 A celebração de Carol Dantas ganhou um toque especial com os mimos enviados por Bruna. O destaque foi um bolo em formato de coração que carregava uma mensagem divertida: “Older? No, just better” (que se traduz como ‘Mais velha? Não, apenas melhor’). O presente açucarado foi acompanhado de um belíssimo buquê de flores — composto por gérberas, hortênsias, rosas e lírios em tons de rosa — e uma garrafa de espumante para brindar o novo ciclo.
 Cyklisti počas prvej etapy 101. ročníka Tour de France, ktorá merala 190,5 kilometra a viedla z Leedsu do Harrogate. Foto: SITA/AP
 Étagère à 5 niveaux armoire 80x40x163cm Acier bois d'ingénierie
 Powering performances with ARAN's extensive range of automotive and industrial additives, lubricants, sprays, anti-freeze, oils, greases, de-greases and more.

---

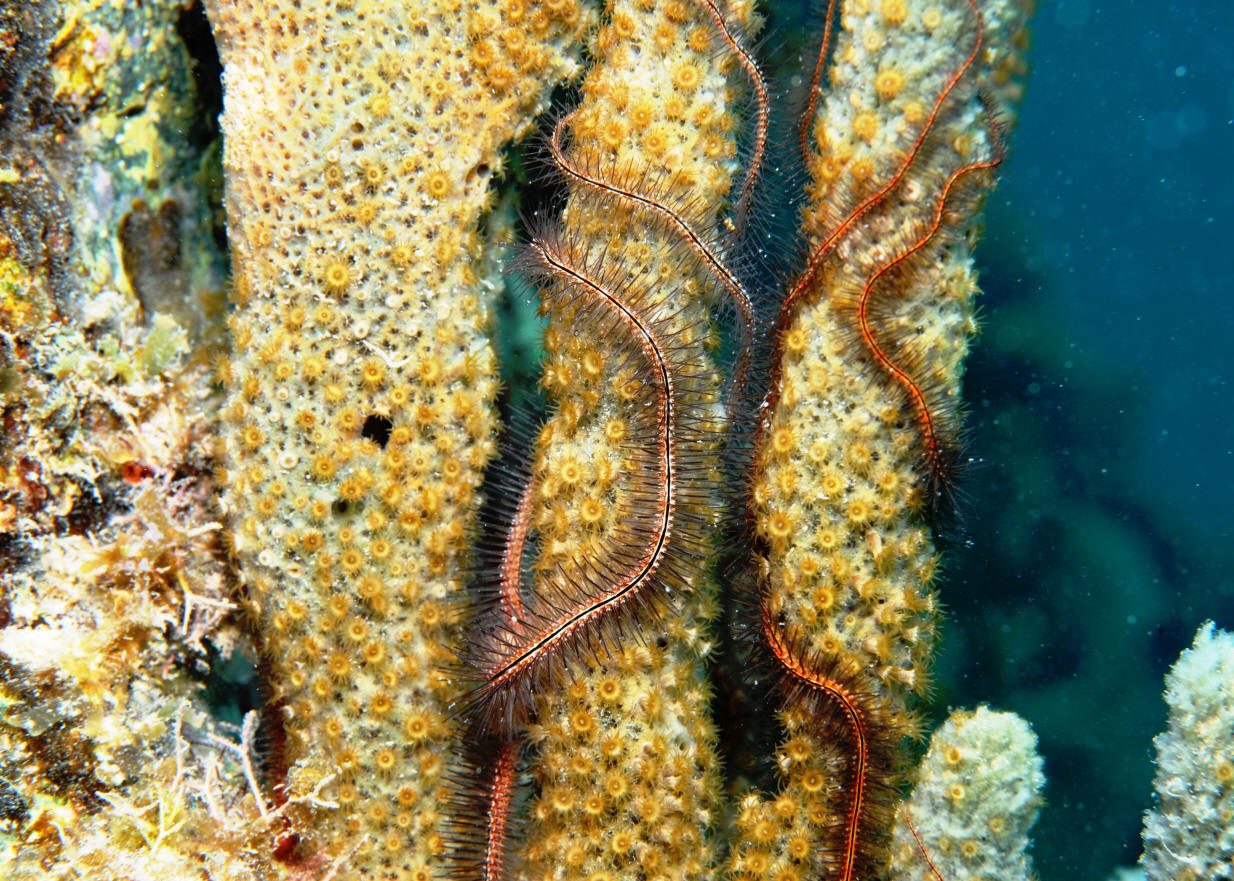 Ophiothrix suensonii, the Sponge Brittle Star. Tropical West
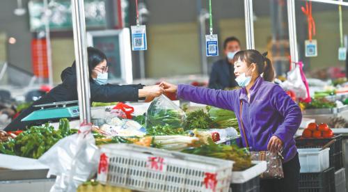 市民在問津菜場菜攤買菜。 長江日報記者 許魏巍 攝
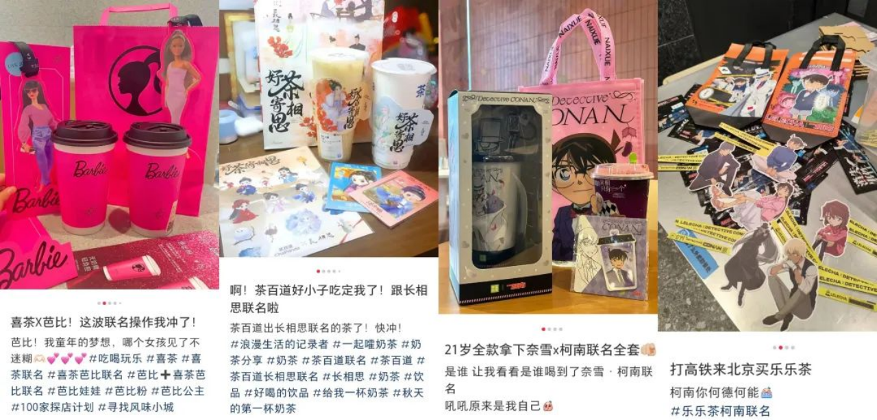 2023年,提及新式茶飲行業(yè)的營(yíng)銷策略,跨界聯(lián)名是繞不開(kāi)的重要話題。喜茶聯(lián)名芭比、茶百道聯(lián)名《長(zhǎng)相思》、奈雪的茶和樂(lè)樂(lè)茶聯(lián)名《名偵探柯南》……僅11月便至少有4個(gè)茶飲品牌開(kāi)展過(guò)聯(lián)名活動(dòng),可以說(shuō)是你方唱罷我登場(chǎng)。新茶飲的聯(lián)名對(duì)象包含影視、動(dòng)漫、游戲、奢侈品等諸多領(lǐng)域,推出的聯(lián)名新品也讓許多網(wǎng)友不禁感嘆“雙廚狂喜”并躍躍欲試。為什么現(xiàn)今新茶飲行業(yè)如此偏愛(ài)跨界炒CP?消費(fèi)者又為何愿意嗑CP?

**WHAT NEEDS TO BE DONE**
Within the material above, extract exactly the lines that start at the line containing "Cyklisti počas prvej" and stop after the line containing "Powering performances with", and only those.

**EXERCISE RESULT**
 Cyklisti počas prvej etapy 101. ročníka Tour de France, ktorá merala 190,5 kilometra a viedla z Leedsu do Harrogate. Foto: SITA/AP
 Étagère à 5 niveaux armoire 80x40x163cm Acier bois d'ingénierie
 Powering performances with ARAN's extensive range of automotive and industrial additives, lubricants, sprays, anti-freeze, oils, greases, de-greases and more.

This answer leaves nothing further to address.